دار النشر: Project Gutenberg

الصفحة رقم: 4

Whereupon De Morgan offers the following exceedingly interesting continuation of the legend:

"The recorded story is that Michael Scott, being bound by contract to procure perpetual employment for a number of young demons, was worried out of his life in inventing jobs for them, until at last he set them to make ropes out of sea-sand, which they never could do. We have obtained a very curious correspondence between the wizard Michael and his demon slaves; but we do not feel at liberty to say how it came into our hands. We much regret that we did not receive it in time for the British Association. It appears that the story, true as far as it goes, was never finished. The demons easily conquered the rope difficulty, by the simple process of making the sand into glass, and spinning the glass into thread which they twisted. Michael, thoroughly disconcerted, hit upon the plan of setting some to square the circle, others to find the perpetual motion, etc. He commanded each of them to transmigrate from one human body into another, until their tasks were done. This explains the whole succession of cyclometers and all the heroes of the Budget. Some of this correspondence is very recent; it is much blotted, and we are not quite sure of its meaning. It is full of figurative allusions to driving something illegible down a steep into the sea. It looks like a humble petition to be allowed some diversion in the intervals of transmigration; and the answer is:

"'Rumpat et serpens iter institutum'

"a line of Horace, which the demons interpret as a direction to come athwart the proceedings of the Institute by a sly trick."

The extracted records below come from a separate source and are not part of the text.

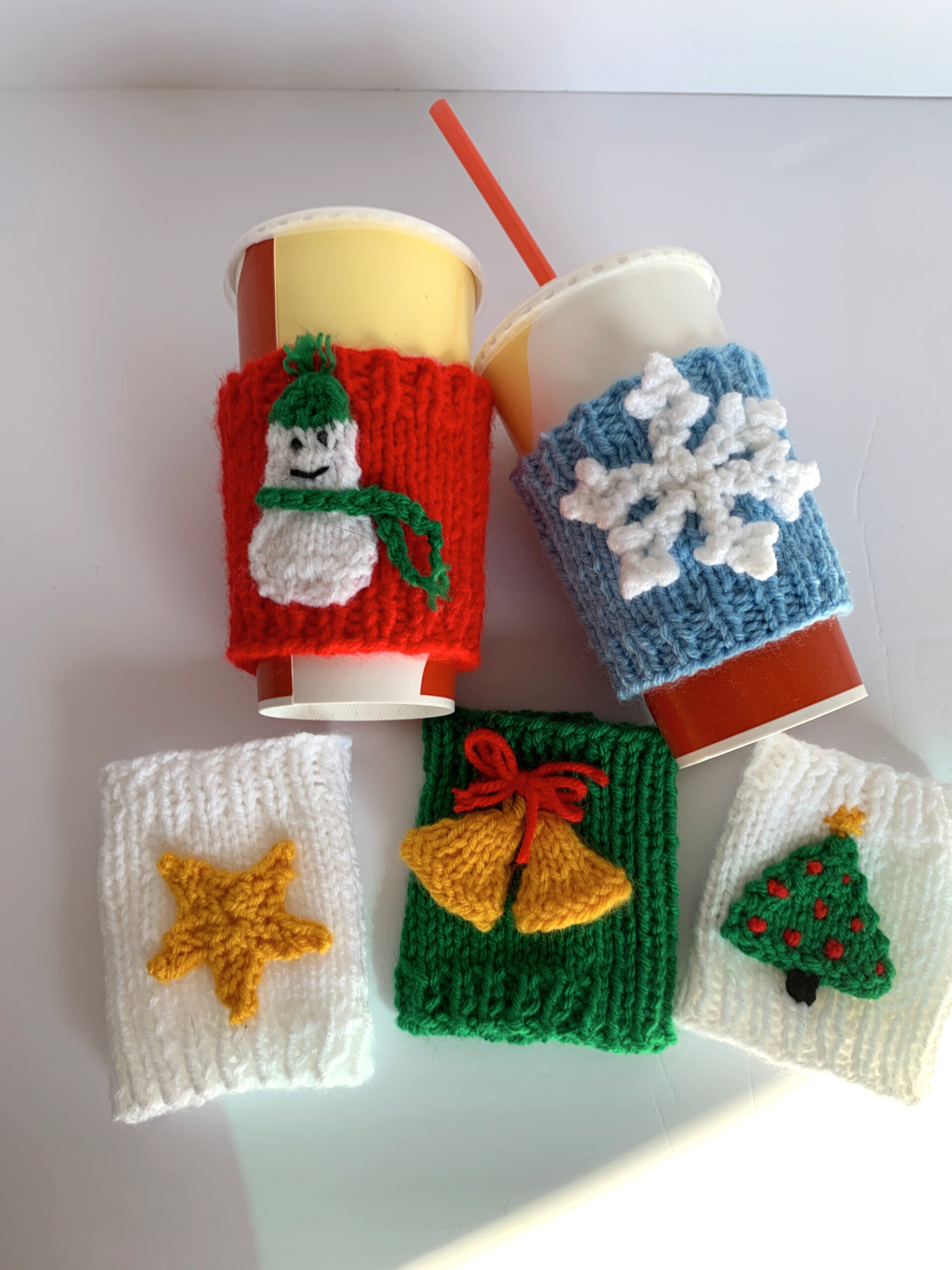This is a perfect low-cost gift! Pick you sleeve design, knit it up, then give as a gift with a gift card to their favorite coffee shop. ($10, $20, or more) Once this is knitted and the gift card is enclosed your gift shopping is done! Lots and lots of knitters have asked for a pattern like this, as it makes it totally easy to give Christmas Holiday gifts! This entire set of 5 different designs can be knitted and finished in less than 3 days! Use scrap yarns, that will save you even more money. Everyone needs to get on board with this great gift idea!
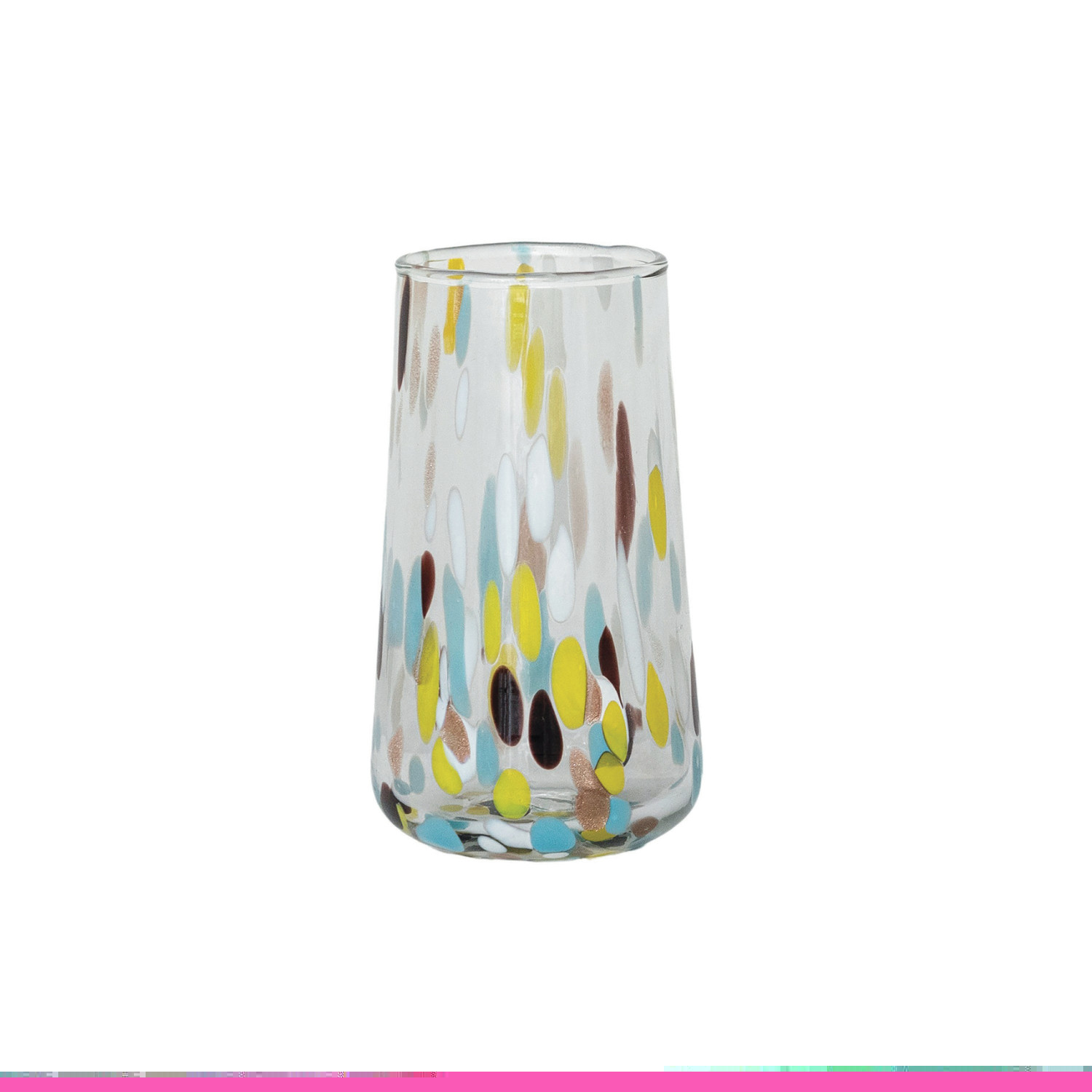 Catalog Name: 3" Round x 5-1/2"H 12 oz. Hand-Blown Confetti Drinking Glass, Multi Color
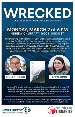 In this dynamic community event the audience will be treated to: A screening of the NWPB documentary “Wrecked,” an author presentation by Coll Thrush the author of the new book by the same name, and a fireside chat between NWPB's Anna King and Thrush. The entire program will be about an hour, with an optional book signing event immediately afterwards.
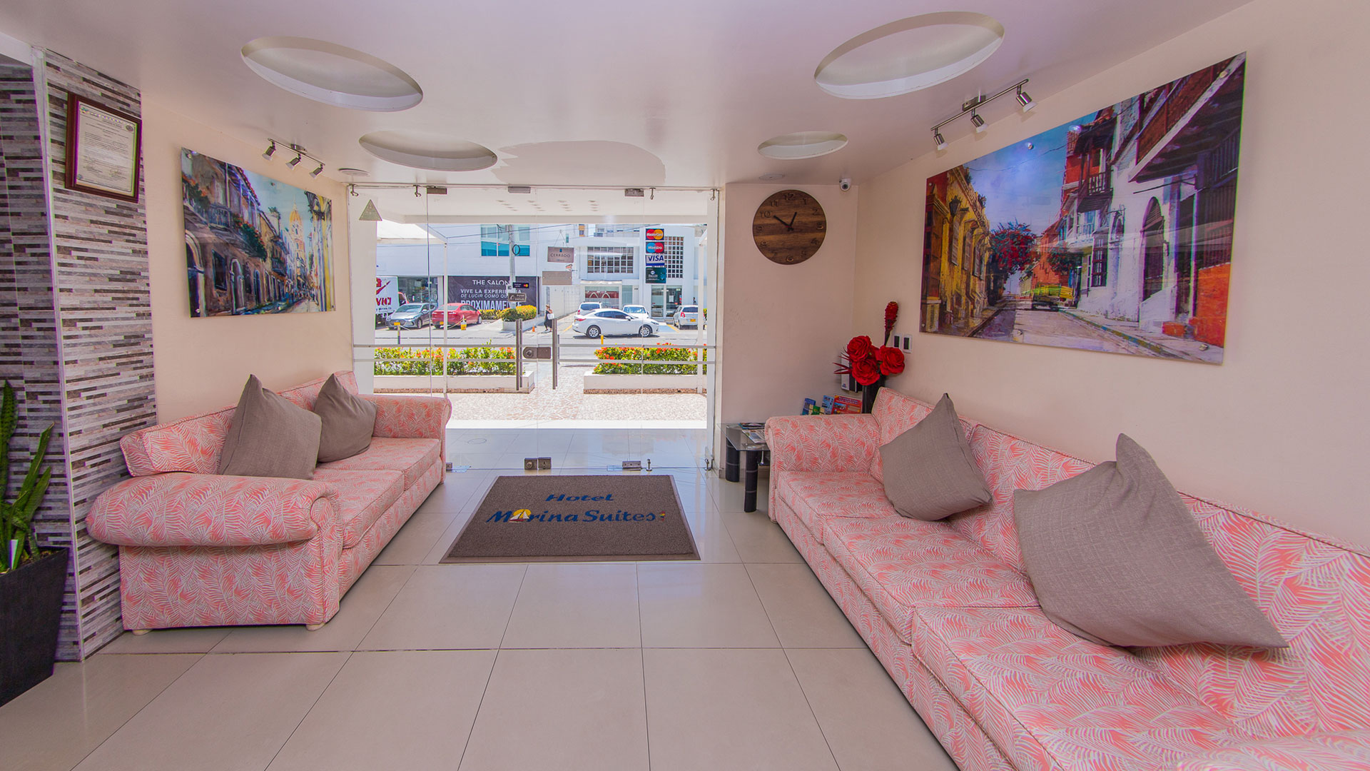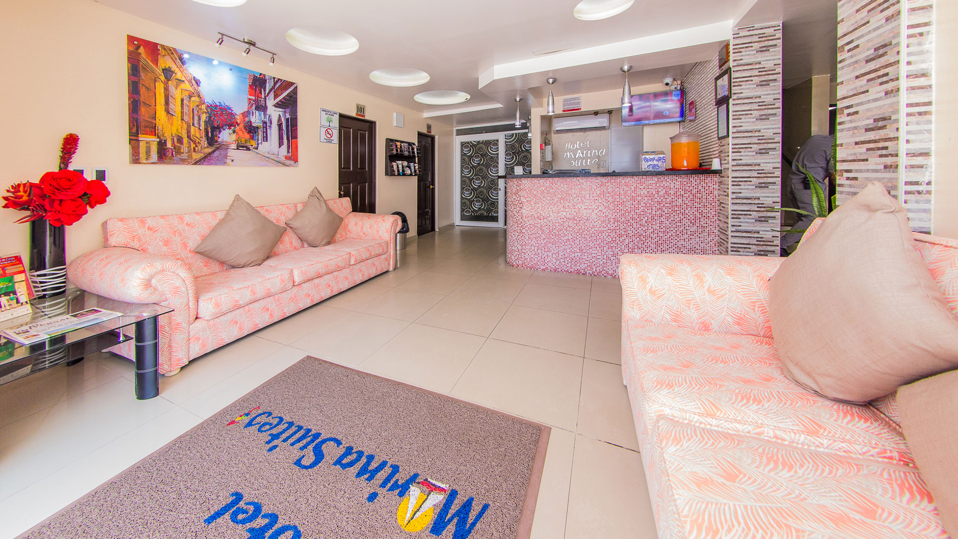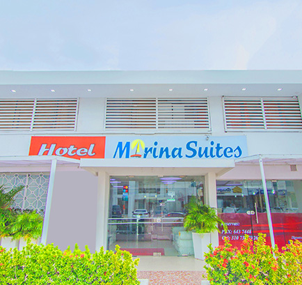 El Hotel Marina Suites es una hermosa propiedad con 42 habitaciones diseñadas para el descanso y relax, con las comodidades necesarias para el disfrute de tus vacaciones en pareja, amigos, familia o para tus actividades de negocios o eventos en la ciudad. Nos encontramos ubicados a pocos metros del mar caribe colombiano, a tan solo 10 minutos del centro amurallado de la bella e histórica ciudad de Cartagena de Indias y rodeados de reconocidos sitios de interés como restaurantes y modernos centros comerciales. Ofrecemos, además, las tarifas más económicas de nuestro segmento garantizando a nuestros clientes un excelente servicio y una experiencia de calidades y amabilidad que lo hará sentir como lo importantes que es.
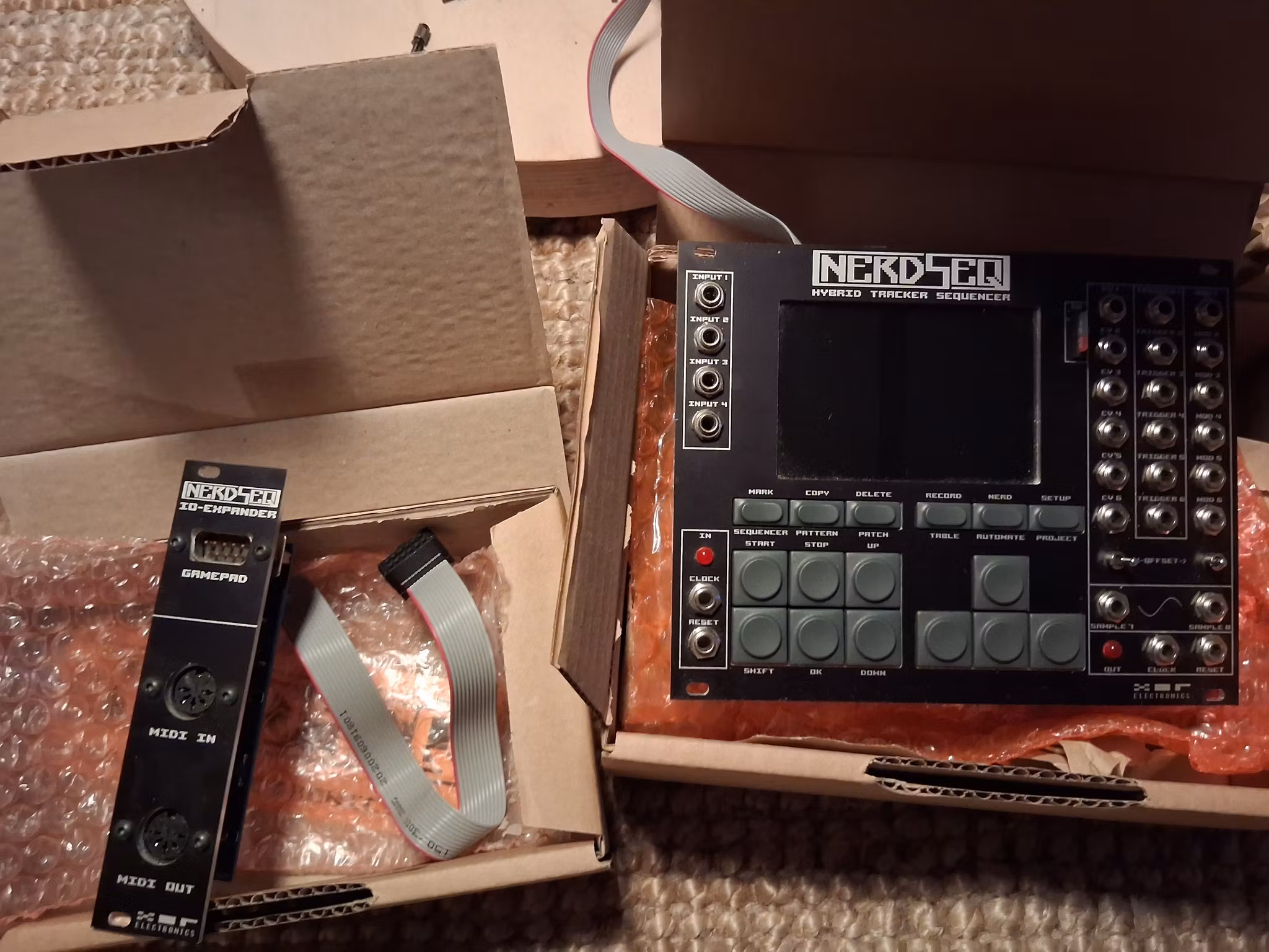 The NerdSeq can be expanded via a MIDI / gamepad module. It adds MIDI DIN connectors as well as a game port for Sega controllers.

And really those who have followed carefully the history of the men who have claimed that they had solved these famous problems, will be almost inclined to accept De Morgan's ingenious explanation as something more than a mere "skit." The whole history of the philosopher's stone, of machines and contrivances for obtaining perpetual motion, and of circle-squaring, is permeated with accounts of the most gross and obvious frauds. That ignorance played an important part in the conduct of many who have put forth schemes based upon these pretended solutions is no doubt true, but that a deliberate attempt at absolute fraud was the mainspring in many cases cannot be denied. Like Dousterswivel in "The Antiquary," many of the men who advocated these delusions may have had a sneaking suspicion that there might be some truth in the doctrines which they promulgated; but most of them knew that their particular claims were groundless, and that they were put forward for the purpose of deceiving some confiding patron from whom they expected either money or the credit and glory of having done that which had been hitherto considered impossible.

Some of the questions here discussed have been called "scientific impossibilities"—an epithet which many have considered entirely inapplicable to any problem, on the ground that all things are possible to science. And in view of the wonderful things that have been accomplished in the past, some of my readers may well ask: "Who shall decide when doctors disagree?"

Perhaps the best answer to this question is that given by Ozanam, the old historian of these and many other scientific puzzles. He claimed that "it was the business of the Doctors of the Sorbonne to discuss, of the Pope to decide, and of a mathematician to go straight to heaven in a perpendicular line!"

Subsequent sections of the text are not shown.